Auch in der größeren Öffentlichkeit hatten Männer lange den humoristischen Platz für sich gepachtet. Je publikumsträchtiger die Situation, umso mehr fanden sich nur Männer als aktive Humoristen im Rampenlicht, sei es als Chef, der sich in der Mitarbeiterbesprechung witzige Bemerkungen erlaubt, oder als Büttenredner bei einer Karnevalsveranstaltung, als Clown, Slapstick-Komiker im Film oder Humorist mit Herz im Fernsehen – von Charlie Chaplin bis Heinz Ehrhard.

Mittlerweile haben die Frauen aufgeholt. Ob Heidi Kabel, Helga Feddersen, Ingrid Steeger oder Elke Heidenreich, die leider ihre Metzgersgattin aus dem Kohlenpott schon vor vielen Jahren von der Theke abtreten lassen hat – allesamt tolle Komikerinnen, die ein Millionenpublikum sehr gut unterhalten haben. Sie verkörper(te)n unterschiedliche Facetten des witzigen Weibes, vom polternden Hausdrachen mit Herz über das ältliche Frollein und die niedliche Biene mit hochgeschobenem Pullover bis zum gestandenen Weibsbild mit Mutterwitz und Mundwerk.

Es hat auch davor Komikerinnen gegeben, wie zum Beispiel Liesl Karlstadt, die allerdings in den Feuilletons neben Karl Valentin bestenfalls etwas schulterklopfende Anerkennung abbekam. Schlechtestenfalls wurde sie nur als eine Art Wand gesehen, an der Valentins Querschläger aufprallen konnten. Komikerinnen wie Helga Feddersen oder Ingrid Steeger luden zum Lachen über die von ihnen inszenierten Frauentypen ein, aber kaum zum Lachen über die Welt und ihre Widersprüche. Sie machten entweder auf trutschig oder auf sexy. Oder sie waren so nett wie Lieselotte Pulver im „Wirtshaus im Spessart“. Ungefährlich nett oder selbst die Zielscheibe oder Partnerin eines Komikers. So ungefähr war das Repertoire. Aber Kabel, Feddersen und Heidenreich haben das schon stark ausgebaut.

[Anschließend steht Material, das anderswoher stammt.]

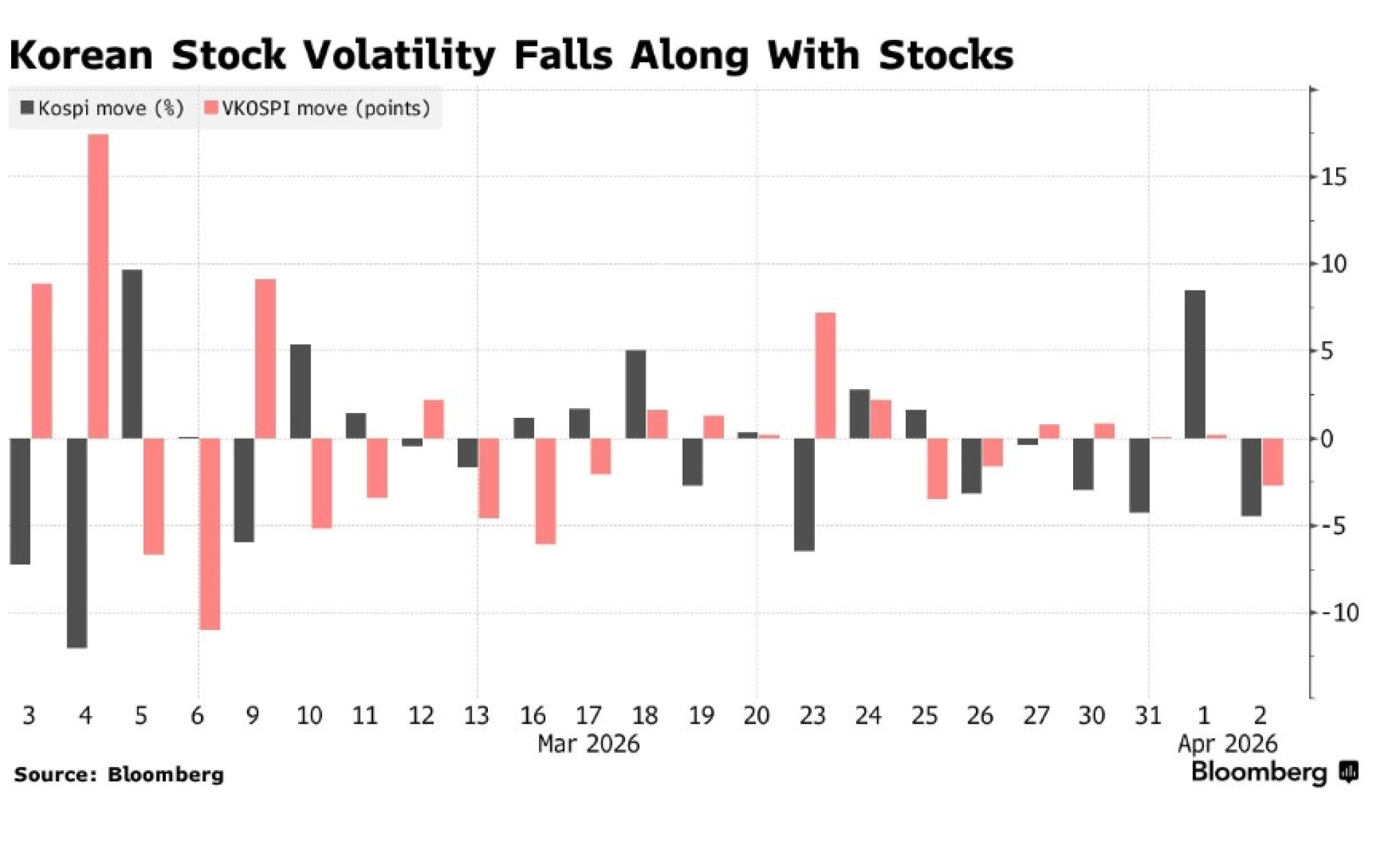 Ipak, pokazatelj očekivanih fluktuacija dionica u Koreji također je pao. To je neuobičajena pojava kada cijene dionica padaju i ukazuje na to da se trgovci opcijama klade na smirivanje volatilnosti nakon njezinog nedavnog skoka.

Inzwischen ist ein öffentlicher Resonanz- und Entfaltungsboden für einen Humor von Frauen entstanden, der auch eine eigene Perspektive auf Frauenleben integriert. Clowninnen wie Gardi Hutter präsentieren sich als Boxkämpferin im Ring, nebenbei kurz den Säugling fütternd. Karikaturistinnen wie Claire Bretecher, Marie Marcks und Franziska Becker nehmen unseren Alltag aufs Korn. Sie zeigen uns als Subjekt unseres Lebens. Im Fernsehen wird sogar gender bewitzelt, etwa bei Missfits, Hella von Sinnen und Maren Kroymann, Kaya Yanar bewitzelt türkische Macho-Typen. Hella von Sinnen spielte zum Beispiel ein Hausmütterchen, das zwischendurch noch kurz als Domina in den Werkzeugkeller geht, Maren Kroymann eine Kosmetikverkäuferin, die der Kundin von allen Cremes und Wässerchen abrät. Anke Engelke hat ebenfalls viele Frauentypen sehr witzig parodiert. Aktuell lassen drei weitere TV-Komikerinnen beim Spiel mit den Geschlechterrollen aufhorchen: Monika Gruber – zum Beispiel, wenn sie sich in „Best of Beide“ vom Partnerinstitut „Last Chance“ professionell mit ihrem österreichischen Kollegen Michael Niavarani ins große Glück führen lassen will. Gayle Tufts bewitzelt in ihrer Show „Some like it heiß“ Frauen in den Wechseljahren, „erhitzt vom Rampenlicht und anderen Energie-Quellen“. Auch Ina Müllers Tour von 2006 unter dem Thema „Weiblich, ledig, 40″ klingt historisch ziemlich neuartig.

Da werden Widersprüche in den Anforderungen an heutige Frauen sichtbar. Daneben verfängt sich Comedy manchmal auch in den Widersprüchen heutiger Frauenrollen, etwa Ally McBeal – die war zwar Anwältin in einer renommierten Kanzlei, kämpft aber mit dem souveränen Auftreten und legt oft anmutig ihr Köpfchen schief, ganz das klassische Frauchen auf der Suche nach Liebe. Von einem weiblichen Woody Allen sind wir noch weit entfernt. Gerda Wurzenberger hat in einem NZZ-Folio von 2002 geschrieben: Als ältere Frau, schlecht frisiert, mit einem Hundeblick hinter einer schwarzen Hornbrille, sentimental, melancholisch, ununterbrochen von ihren psychischen Problemen labernd, wäre eine komische Anti-Heldin noch immer nicht akzeptabel.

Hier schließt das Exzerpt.